◆ Task material
★ ★ ★ ★

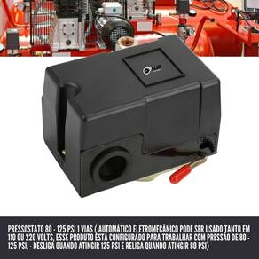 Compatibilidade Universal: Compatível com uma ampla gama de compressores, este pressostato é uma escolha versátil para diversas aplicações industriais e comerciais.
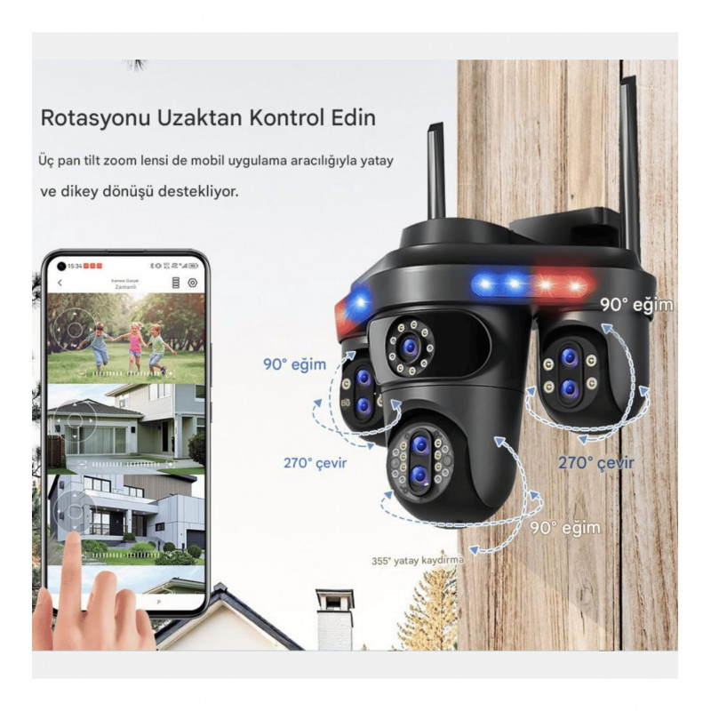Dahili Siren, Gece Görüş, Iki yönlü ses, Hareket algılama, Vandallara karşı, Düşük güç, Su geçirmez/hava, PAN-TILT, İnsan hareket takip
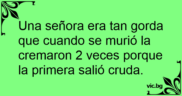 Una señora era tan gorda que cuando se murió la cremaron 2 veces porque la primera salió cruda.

★ ★ ★ ★

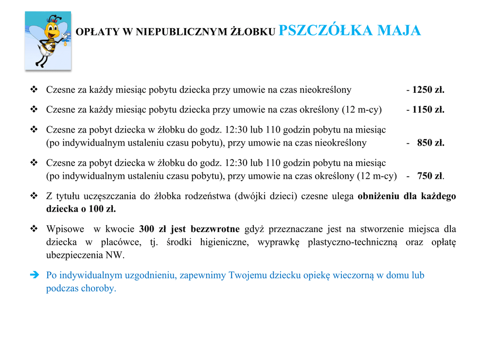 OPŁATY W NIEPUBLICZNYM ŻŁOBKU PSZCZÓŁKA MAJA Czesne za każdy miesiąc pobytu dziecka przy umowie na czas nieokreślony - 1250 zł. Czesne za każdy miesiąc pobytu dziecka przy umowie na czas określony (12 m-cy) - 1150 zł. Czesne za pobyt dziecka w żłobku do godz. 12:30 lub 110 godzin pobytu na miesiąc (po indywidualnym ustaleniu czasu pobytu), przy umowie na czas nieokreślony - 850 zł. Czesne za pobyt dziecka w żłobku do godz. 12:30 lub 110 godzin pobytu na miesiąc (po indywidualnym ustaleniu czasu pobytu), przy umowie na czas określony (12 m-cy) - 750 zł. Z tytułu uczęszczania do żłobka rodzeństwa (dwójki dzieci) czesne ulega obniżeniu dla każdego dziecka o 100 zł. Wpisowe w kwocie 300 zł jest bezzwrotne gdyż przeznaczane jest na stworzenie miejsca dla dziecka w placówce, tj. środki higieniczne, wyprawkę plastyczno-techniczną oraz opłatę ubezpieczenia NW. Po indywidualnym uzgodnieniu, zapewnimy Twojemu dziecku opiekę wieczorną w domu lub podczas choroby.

★ ★ ★ ★

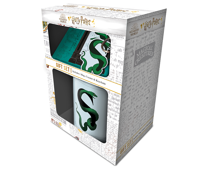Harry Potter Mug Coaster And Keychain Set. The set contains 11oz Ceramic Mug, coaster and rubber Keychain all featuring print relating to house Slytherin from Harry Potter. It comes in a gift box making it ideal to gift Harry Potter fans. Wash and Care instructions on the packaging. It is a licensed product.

★ ★ ★ ★

What do the entries above read from the line containing "Dahili Siren, Gece" through the line containing "Una señora era"? Output those lines exactly, both ends included, with the pictures left out.

◆ Solution for this task
Dahili Siren, Gece Görüş, Iki yönlü ses, Hareket algılama, Vandallara karşı, Düşük güç, Su geçirmez/hava, PAN-TILT, İnsan hareket takip
 Una señora era tan gorda que cuando se murió la cremaron 2 veces porque la primera salió cruda.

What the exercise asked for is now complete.